Parameters:	items (list) – List of dictionary keys data (dict) – Portion of dictionary to operate on value (object) – Value to set for key.

experimentum.Experiments.Experiment module¶

Run experiments and save the results for future analysations.

Writing Experiments¶

Experiments are created in the experiments directory and they must adhere to the following naming convention: {NAME}Experiment.py.

All Experiments extend the Experiment class. Experiments contain a reset() and run() method. Within reset() the method, you should reset/initialize the data structuresand values you want to use in each test run.

The run() method should contain the code you want to test. It should return a dictionary with the values you want to save.

The Reset Method¶

As mentioned before the reset() should reset/initialize the data structuresand values you want to use in each test run.

Let’s take a look at a basic experiment.

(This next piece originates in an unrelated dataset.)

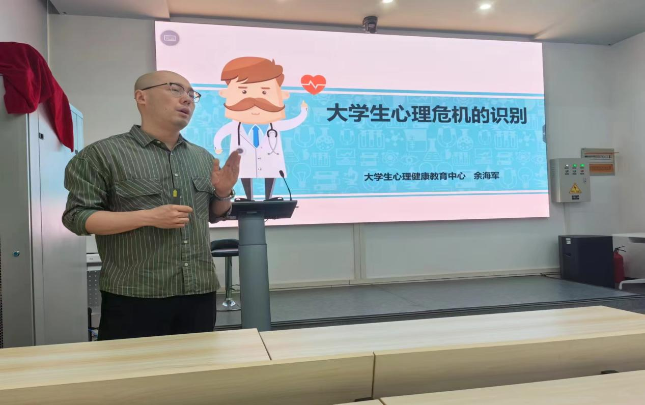 在全国第23个“安全生产月”活动之际,为进一步推动“人人讲安全,个个会应急-畅通生命通道”主题深入人心,学生宿舍服务中心积极响应,于6月4日上午,特邀我校心理健康教育中心专家余海军老师为学生宿舍服务中心全体员工及部分宿管员带来了一场别开生面的学生心理危机识别讲座。本次讲座也是中心今年开展的第二次心理安全教育特色活动。

Within any of your experiment methods, you always have access to the app attribute which provides access to the main app class and to the config which contains the content of the config_file:

from experimentum.Experiments import Experiment
import random


class FooExperiment(Experiment):

    config_file = 'foo.json'

    def reset(self):
        # use app to create an instance of a custom aliased class
        self.user = self.config.get('user')
        self.some_class = self.app.make('some_class', self.user)
        self.rand = random.randint(0, 10)

The Run Method¶

As mentioned before the run() method should contain the code you want to test and return a dictionary with the values you want to save.

Let’s take a look at a basic experiment, assuming that you added a rand attribute to your TestCaseRepository with a migration:

from experimentum.Experiments import Experiment
import random


class FooExperiment(Experiment):

    config_file = 'foo.json'

    def run(self):
        with self.performance.point('Task to measure some Rscript algo') as point:
            script = self.call('some_script.r')  # prints json to stdout as return value.
            algo_result = script.get_json()
            script.process.wait()  # Wait for child process to terminate.

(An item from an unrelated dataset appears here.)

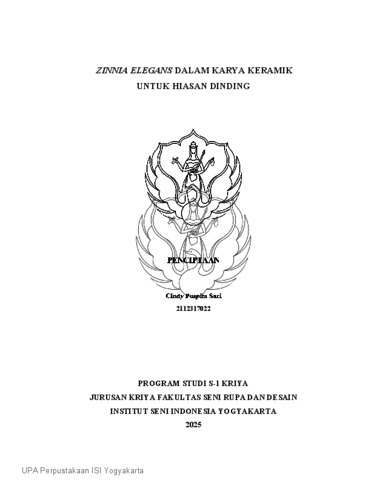 Puspita Sari, Cindy (2025) Zinnia Elegans Dalam Karya Keramik Untuk Hiasan Dinding. Skripsi thesis, Institut Seni Indonesia Yogyakarta.
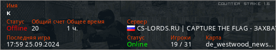 Играет на Counter Strike 1.6 сервере. Страна: РоссияПервый раз замечен 17:59 13.07.2024

        # Add a custom performance entry
        return {
            'rand': self.rand,
            'performances': [{
                'label': 'Custom Rscript measuring',
                'time': algo_result.get('time'),
                'memory': 0,
                'peak_memory': 0,
                'level': 0,
                'type': 'custom'
            }]
        }

class experimentum.Experiments.Experiment.Experiment(app, path)¶

Bases: object

Run experiments and save the results in the data store.

app¶

Main Application Class.

Type:	App

performance¶

Performance Profiler.

Type:	Performance

config¶

Hold the experiment configuration.

Type:	Config

show_progress¶

Flag to show/hide the progress bar.

Type:	bool

hide_performance¶

Flag to show/hide the performance table.

Type:	bool

config_file¶

Config file to load.

Type:	str

repos¶

Experiment and Testcast Repo to save results.

Type:	dict

boot()¶: Boot up the experiment, e.g. load config etc.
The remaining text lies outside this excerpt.